第20回小諸・藤村文学賞 中校生の部最優秀賞

公開日 2014年07月09日

最終更新日 2014年07月09日

私と屋代線

千曲市立屋代中学校三年 田中ひかる

 ガタンゴトン・・・・・。ガタンゴトン―。ゴーツ。毎朝、この音と振動で目が覚める。私の家の南側、猫の額ほどの庭をはさんだフェンスのすぐ向こうには、長野電鉄屋代線の線路が続いており、毎日決まった時間になると轟音と震動を連れて電車がやってくる。おまけに、あまりに近くを通過するので、うっかりカーテンを開けたまま着替えなどをしていると、電車からは丸見えになってしまうのだ。まったく。何ていうところに住んでいるんだ。ろくに乗客もいない電車なんだから、そのうち廃線にでもなればいいのに。私の屋代線に対しての印象は、そんな感じだった。

 ある日、何気なくテレビを見ていると、どうやら屋代線が三月末で廃線になるらしいということをニュースで知った。母などは

 「もう電車来ないなんて、寂しくなるね。朝、電車来なかったら寝坊しちゃうかもね。」

 などと言っていたけれど、私は「そうかな?」と思っていた。だってあの電車、うるさいし、乗客だって少ないじゃん。たまにぼうっと、屋代線に乗っている人の人数を数えるけど、多い時でも十人くらい、誰も乗っていないことだってある。廃線になるのも仕方ないな。それより、廃線になればこれからは、あの騒音に悩まされずにすむんだ。と、一人心の中で密かに喜んでいた。

 ところが、いよいよ廃線が近づいてくると、屋代線に乗る人が急に増えた。あのスカスカだった屋代線の車内が、満員すし詰め状態になっているのを見て、驚くと同時に「みんながいつも乗らないから廃線になっちゃうっていうのに、今さらみんなして乗ったって…」と思った。しかし、そう思う裏で、「まだこんなに利用者がいるのだから、屋代線廃線も、もしかしたら中止になるかも。」と、いつの間にか少し期待している自分がいた。

 とうとう三月に入った。今日も電車内は満員だ。いつもの轟音を聞きながら、「せっかくだから、最後に一度、乗ってみたいな。」などと考えていた。しかし、部活やら何やらでバタバタと忙しい中、なかなか機会もなく、結局一度も乗らないまま迎えた三月も末日。屋代線は最後の仕事を終え、その長い歴史に幕を閉じた。翌日からは、ここに住み始めてからずっと聞いてきた、あの轟音を聞くことはなくなり、静かな日々が始まった。

 廃線になってしばらくは、朝、「ゴーッ」の音で目が覚めないことに違和感を覚えていたが、静かになったことには喜んでいた。しかし、ある日ふと見ると、放ったらかしになっている線路が赤くさびているのが目にとまり、「もうこの線路を電車が走ることはないんだな。」と分かり、その時初めて「寂しい」と感じた。

 その後、鉄道設備の撤去は着々と進められていき、私はその様子を窓からながめた。最初は架線だった。次に鉄塔が撤去されると、視界の妨げになるものはなくなり、二階の部屋の窓からは、だだっ広いまっさらな空が視界に飛び込んでくるようになった。そしてついに、線路の撤去が始まった。赤くさびた線路が取り払われ、枕木も順々にはがされていった。そして撤去された線路や枕木が線路の脇に積まれ、砂利が残るだけの線路跡を見た時に、窓からの景色は、今まで慣れ親しんだものとは大きく様変わりし、すっきりとしてはいるが、物足りなさを感じずにはいられなかった。

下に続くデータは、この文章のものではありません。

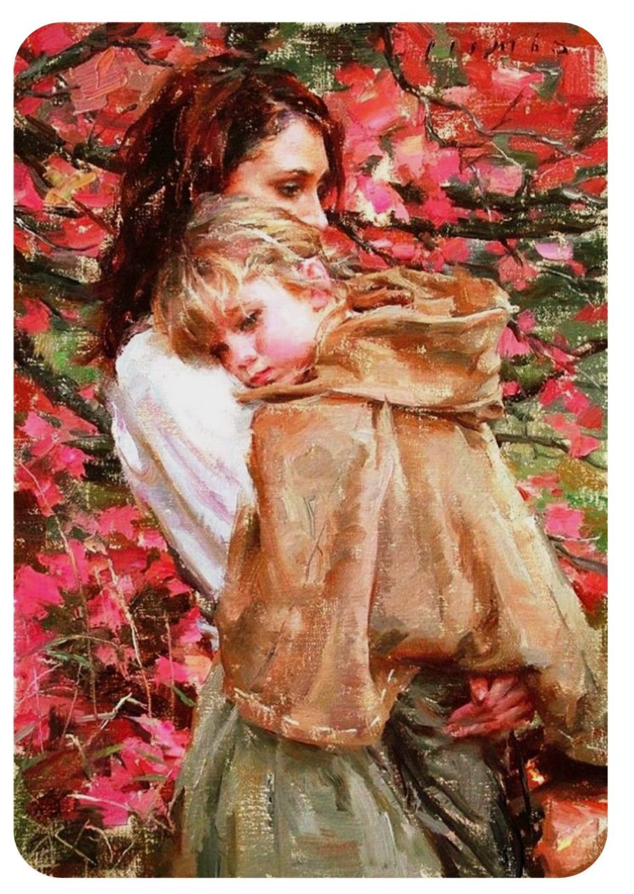 Храни всех мам в своём саду, Господь!_Ирина Ашомко http://litgalaktika.ru/publ/10-1-0-27181 Стихотворение – лирическая молитва, вознесённая не только Богу, но и самой идее материнской любви как божественного акта. Материнская молитва здесь – не прошение, а действие: она «со дна достанет», «в битве сохранит», заставит «отступить всех врагов». Это не пассивная забота, а активная духовная сила, способная изменять реальность. Строка: «Слова их в небо ангелы несут…» – превращает каждое шёпотное «Помоги…» в часть божественного порядка. Финал – «Храни всех мам в своём саду, Господь! / Любовь их светлой радугой в сердцах» – завершает стихотворение на ноте благодати: материнская любовь не исчезает, а становится внутренним светом, дарованным каждому из нас.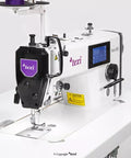 Maszyna została wyposażona w wygodny ekran dotykowy, na którym ustawiamy wszystkie parametry szycia takie jak automatyczne ryglowanie na początku i końcu ściegu (z dokładną ilością wkłuć i powtórzeń), automatyczne obcinanie nici, automatyczne podnoszenie stopki czy pozycja igły podczas kończenia szycia. W panelu ustawisz też prędkość szycia odpowiednią dla swoich potrzeb dzięki czemu jest to model idealny również dla osób siadających pierwszy raz przy maszynie przemysłowej.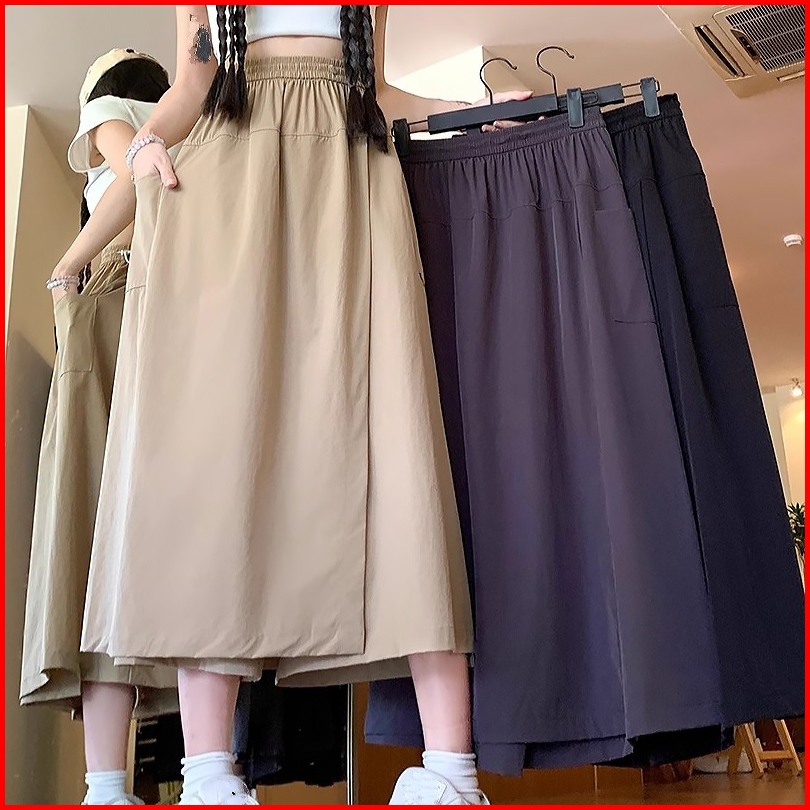S 5xl Rok Mid-length Wanita Celana Rok Pakaian Kerja Kasual Gaya Korea Celana Rok Lebar Wanita High Waist Panjang A-line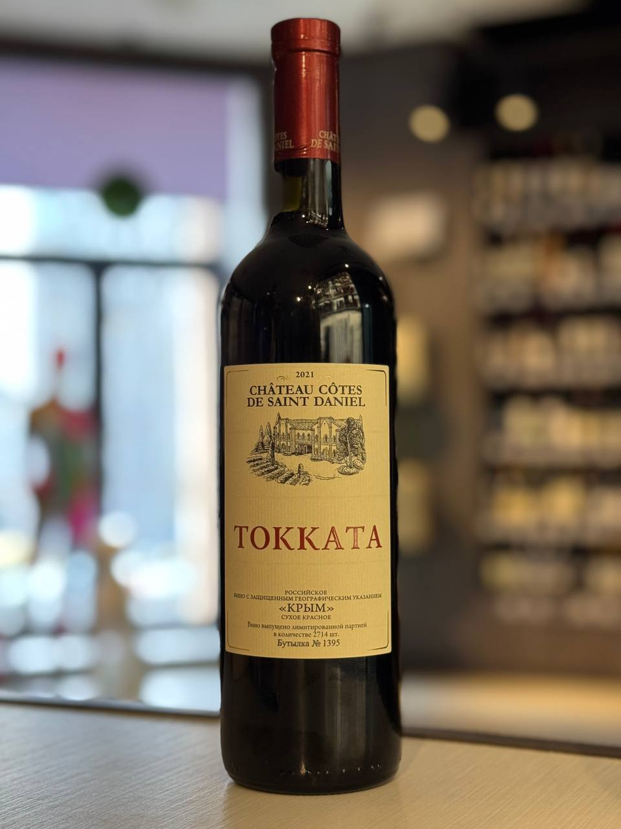 Красное сухое вино Chateau Cotes de Saint Daniel "Toccata" создано из трёх сортов винограда — Каберне Совиньон, Саперави и Бастардо Магарачский, каждый из которых вносит свой характер в стиль напитка. Название «Toccata» символизирует особую гармонию вина, сочетающего мягкость, свежесть и яркую фруктовость.

 廃線からしばらく経ち、周囲も屋代線がなくなったことを特に気にもとめなくなってきたある日、車で出かけた時に、母がもとあった踏切のところでつい止まってしまい、

 「もう電車来ないのについ止まっちゃったあ。あはは。」

 と笑った。私も一緒に笑っていたが、ふと周りを見回すと、前の車も、その前の車も、後ろの車も。みんな電車の来ない踏切でつい止まってしまっていた。私たちの生活にすっかりととけこんでしまっていた屋代線と、その沿線に住むみんなとの目に見えない強い絆が、見えた気がした。

 雨の日も雪の日も、いつもうるさかった屋代線。風の日も雷の日も、いつも頑張っていた屋代線。なくなってしまってから「せめて一度だけでも乗っておけばよかったなぁ」とか後悔しても、寂しがってももう遅い。今はただ、あの轟音と振動を連れてやってくる屋代線に、もう一度会いたくてたまらなくなり、雑草の生い茂る廃線路に、つい目を向けてしまうのである。